**Directions for this task**
Would you retype the entries from the first line to the line bearing "Таблица 1. Величина", both included, leaving out every picture?

Start of Records supplied

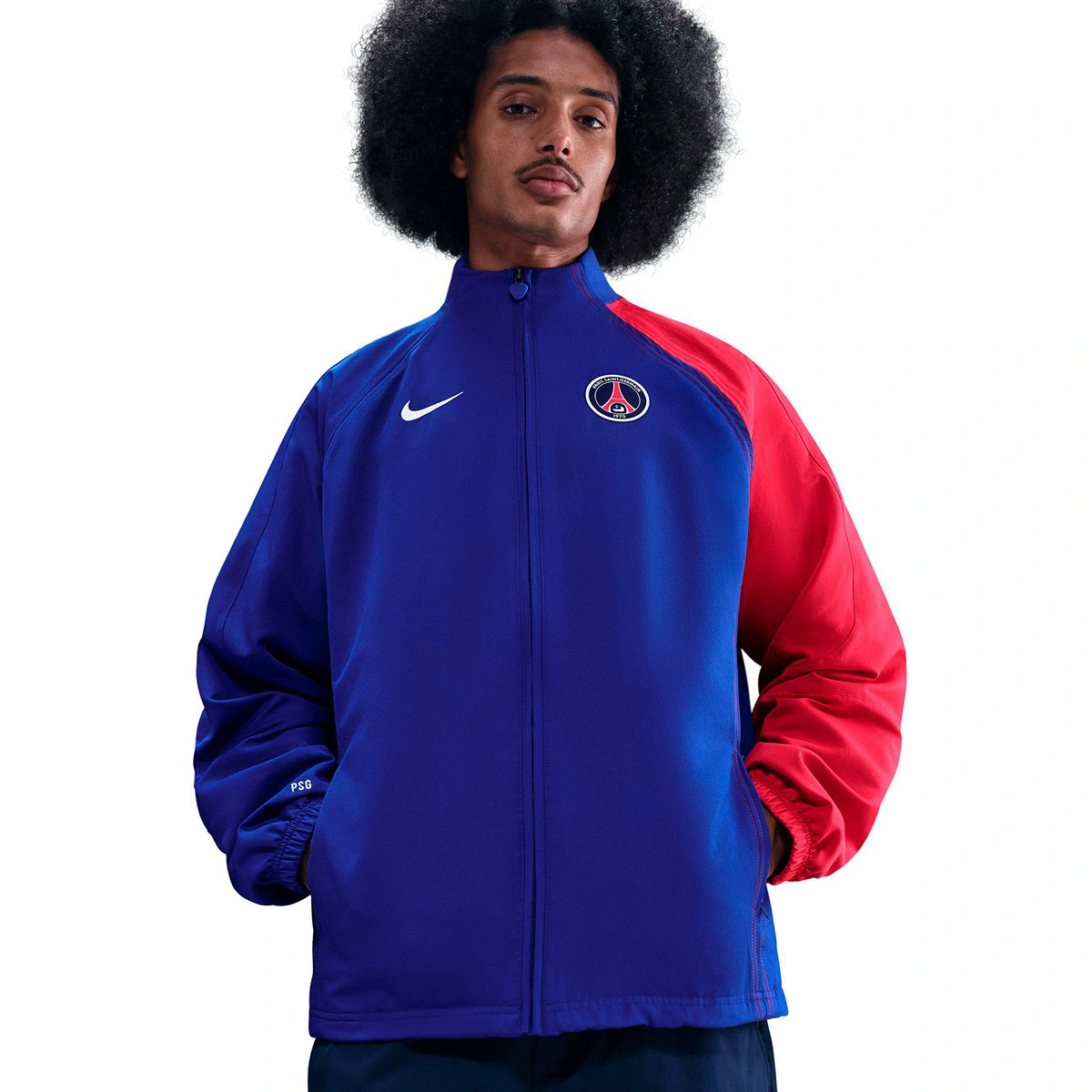 Cette veste rééditée semble tout droit sortie des archives. Avec ses couleurs, ses logos et ses détails vintage caractéristiques, cette nouvelle version rend hommage à la collection Total 90 créée par Nike pour l'équipe du PSG en 2004.
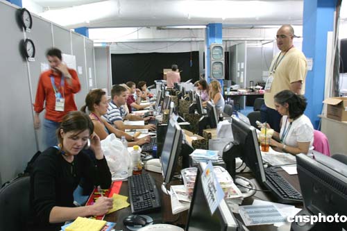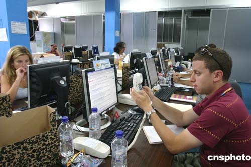 圖為NBC記者在雅典忙著轉(zhuǎn)播奧運(yùn)會(huì)比賽的場(chǎng)景。
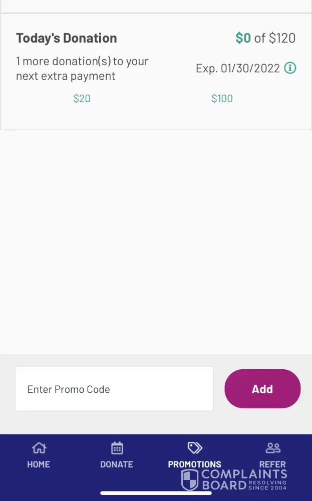 Read full complaintDonating
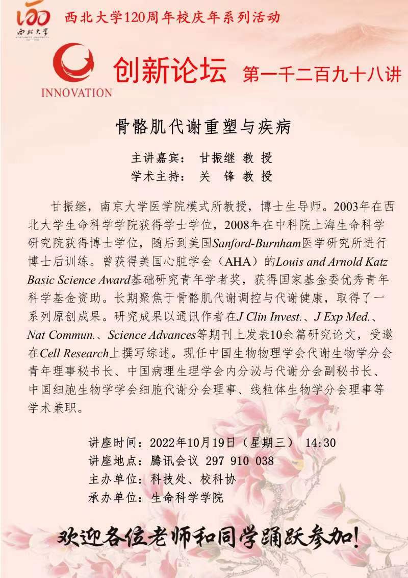 甘振继 教授 广发体育创新论坛第一千二百九十八讲暨120周年校庆年系列活动: 骨骼肌代谢重塑与疾病 讲座时间 2022年10月19日(星期三) 14:30 讲座地点 腾讯会议 297 910 038 讲座人介绍 甘振继 教授 讲座内容
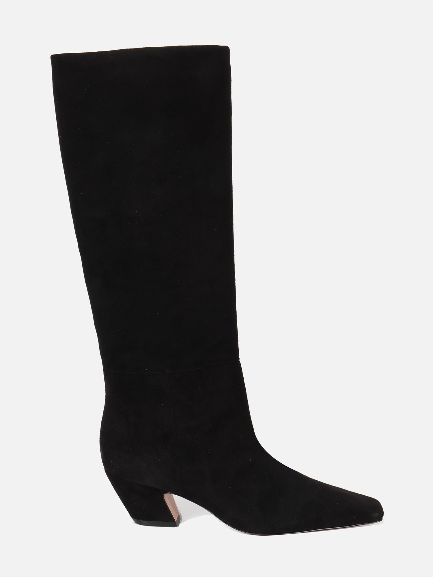 A Bota Marici é confeccionada em camurça, trazendo textura macia e acabamento sofisticado ao modelo. Com bico levemente quadrado e cano alto estruturado, a peça transmite elegância contemporânea e presença marcante na composição. O salto médio grosso adiciona modernidade ao design, equilibrando estilo e conforto. O solado em couro reforça a qualidade e o cuidado nos acabamentos, garantindo estabilidade e um caminhar seguro.
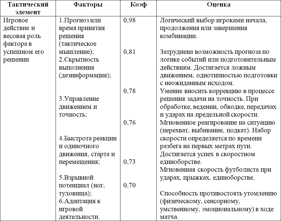 Таблица 1. Величина корреляционных связей между основными факторами и игровым действием
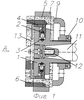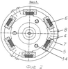 Торцовый абразивный инструмент состоит из корпуса 1, в котором выполнены радиальные пазы и отверстия. В отверстиях установлены сухари 2 с пружинами 3, а в пазах – клинья 4 и абразивные бруски 5 с продольными клиновидными пазами, заполненными твердым смазочным материалом 6 (ТСМ). Пазы в брусках обращены поочередно к оси вращения инструмента или к ободу 7, который закреплен на корпусе 1 винтами 8. Корпус 1 имеет хвостовик с наружной резьбовой поверхностью, на которую навинчен толкатель 9, контактирующий с абразивными брусками и зафиксированный гайкой 10. Инструмент устанавливается на шпиндель 11 плоскошлифовального станка и закрепляется винтом 12.
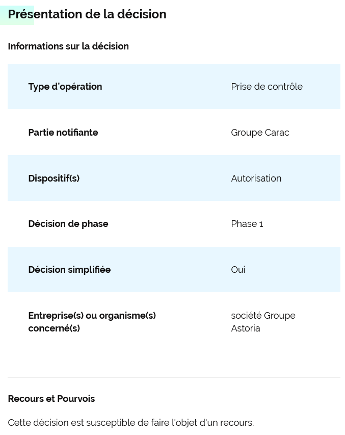 Deux mois après l’officialisation du projet de prise de contrôle du groupe Astoria par le groupe CARAC, l’Autorité de la concurrence vient de donner son accord.
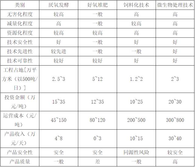 2)從經(jīng)濟(jì)效益比較,我們以日處理規(guī)模為500t計(jì)算,盡管資源化處理的費(fèi)用最高,但其總收益也最大,綜合來(lái)看年均收益能達(dá)到 1435 萬(wàn)元。資源化處理方式又細(xì)分為厭氧發(fā)酵、好氧堆肥、直接烘干做飼料和微生物處理等。
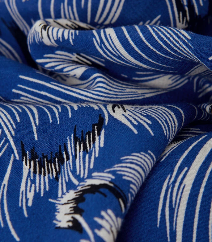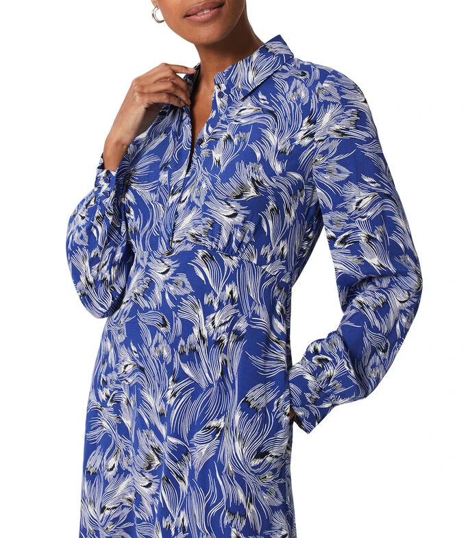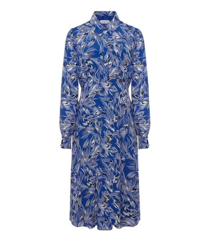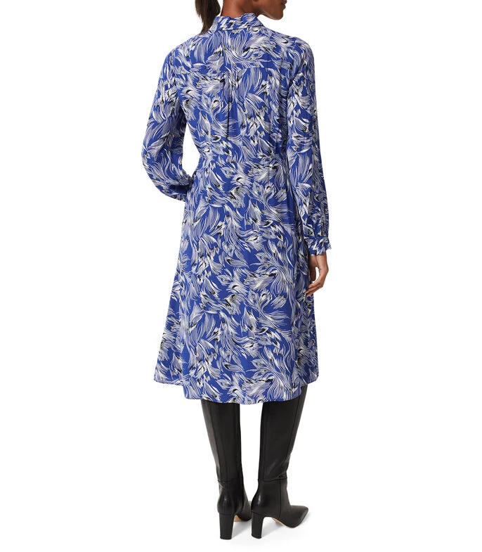 Vestido midi Hobbs tipo camisero de corte recto en tejido de punto con estampado de plumas pictóricas, cintura ceñida, detalle de pliegues y medio cierre de cremallera.
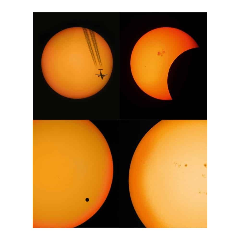 Podrás ver eclipses solares, manchas solares, tránsitos planetarios, aviones de cruce y satélites.

End of Records supplied

**Your solution**
 Cette veste rééditée semble tout droit sortie des archives. Avec ses couleurs, ses logos et ses détails vintage caractéristiques, cette nouvelle version rend hommage à la collection Total 90 créée par Nike pour l'équipe du PSG en 2004.
 圖為NBC記者在雅典忙著轉(zhuǎn)播奧運(yùn)會(huì)比賽的場(chǎng)景。
 Read full complaintDonating
 甘振继 教授 广发体育创新论坛第一千二百九十八讲暨120周年校庆年系列活动: 骨骼肌代谢重塑与疾病 讲座时间 2022年10月19日(星期三) 14:30 讲座地点 腾讯会议 297 910 038 讲座人介绍 甘振继 教授 讲座内容
 A Bota Marici é confeccionada em camurça, trazendo textura macia e acabamento sofisticado ao modelo. Com bico levemente quadrado e cano alto estruturado, a peça transmite elegância contemporânea e presença marcante na composição. O salto médio grosso adiciona modernidade ao design, equilibrando estilo e conforto. O solado em couro reforça a qualidade e o cuidado nos acabamentos, garantindo estabilidade e um caminhar seguro.
 Таблица 1. Величина корреляционных связей между основными факторами и игровым действием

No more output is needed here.